Tag Archives: julialang

Exploring Fibonacci Fractions with Julia

By: perfectionatic

Re-posted from: http://perfectionatic.org/?p=367

Recently, I came across a fascinating blog and video from Mind you Decisions. It is about how a fraction
\frac{1}{999,999,999,999,999,999,999,998,,999,999,999,999,999,999,999,999}
would show the Fibonacci numbers in order when looking at its decimal output.

On a spreadsheet and most standard programming languages, such output can not be attained due to the limited precision for floating point numbers.

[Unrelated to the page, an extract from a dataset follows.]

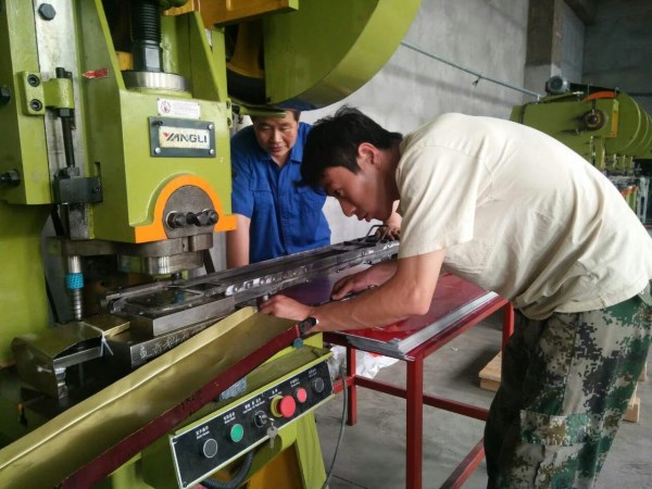 为了保证彩印公司铁盒生产车间尽快投入生产,精密制造公司接到三产部的任务安排后,立即组织有关技术人员赶赴现场实地考察,了解工作流程,对每一个细节都认真排查。并指派专门的技术人员,协助彩印公司对铁盒加工设备存在的不足进行革新改造。工作中,维修人员排查发现在冲压最后一个盒盖时,因操作者的手必须置于模具下方才能定位,容易因操作引起安全事故,不利于安全生产。对此,我公司技术人员经过摸索,精心制作,拆除了厂家的定位装置,改变了原来的出料方式,以最短的时间制造出样机,改手动送料为机器半自动送料,进行安装调试。安装调试好后,又采取现场演示和耐心讲解,让彩印公司设备操作人员尽快熟悉操作流程掌握此装置的使用方法。

If you try this on R or Python, you will get an output of 1e-48.
Wolfram alpha,however,allows arbitrary precision.

In Julia by default we get a little better that R and Python

julia> 1/999999999999999999999998999999999999999999999999
1.000000000000000000000001000000000000000000000002000000000000000000000003000002e-48
 
julia> typeof(ans)
BigFloat

We observe here that we are getting the first few Fibonacci numbers 1, 1, 2, 3. We need more precision to get more numbers. Julia has arbitrary precision arithmetic baked into the language. We can crank up the precision of the BigFloat type on demand. Of course, the higher the precision, the slower the computation and the greater the memory we use. We do that by setprecision.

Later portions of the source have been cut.